I don’t know what to say. I chastise myself for not coming up with something. Isn’t there anything I can say to comfort him? But maybe it’ll make things worse…
He told me once that sometimes he says ouch because he’s had a bad memory. When we come home, I ask him about that moment in the car. “What were you thinking of?”
“Well,” he starts to tell me. “I was sitting down once with a Black colleague, and he was trash-talking our boss. I saw our boss approach behind him as he continued to bad mouth her. I don’t know why, but I didn’t say anything. I didn’t stop him. She was standing right behind him, hearing every word he said. Eventually, my colleague became aware of her presence and was humiliated. Later, he found me when we were one-on-one and started to choke me. How could you let me — why didn’t you say anything — I didn’t say anything while he was choking me. I stayed silent. Years later, he became my boss. I even invited him over to dinner at our house.

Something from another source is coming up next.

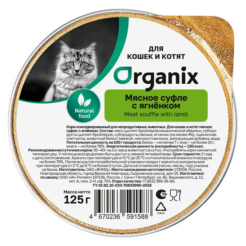 Фарш куриный, субпродукты куриные, субпродукты свиные, ягненок (не менее 4%), клетчатка, животный белок, мясокостная мука, желирующая добавка, вода

I knew I shouldn’t have done that, that I should have told him to change the subject, but I don’t know why I didn’t stop him.”
I stayed silent as I wondered why he didn’t get angry and report this man. Only someone with a deep sense of honor would feel guilty.
* * *
I don’t look like my father with his blond hair and blue eyes and my own darker features. I don’t talk like him as I sometimes use words awkwardly and still use a very, very slight Hispanic accent when I try to say words in old English. I can’t ever be as smart as him with his political intuition to stay out of the real opium of the masses (not religion but pseudoreligion like socialism/leftism), and I will never be able to protect our family like he could in a situation like World War III.
It’s not because he has a White man’s mind and I don’t. His personhood cannot be flattened to one dimension. He is not just a color. He has a mind that has been crafted from accepting circumstances around him and doing the best that he could with the knowledge that he had. He always tries— and tries — to make the best decision for himself and those around him. He, like everyone else, has suffered, but he, unlike everyone else, accepts full responsibility for himself so that he can best serve God.
So, here is 8 minutes or so to think about a White man. I hope these small moments of my father’s life color your vision so that you don’t see him as a White man. He is someone who has suffered tremendously in this world but still finds the courage and strength to care for and love others. I want you to be kind to him in the same way that you deserve kindness.
If it helps you soften up to him, remember that he has taken me into his home and nurtured me from the worst places in the world back to good health and safety. He has saved my life and many others. He is worthy because all lives are worthy. White man or not, he is a hero.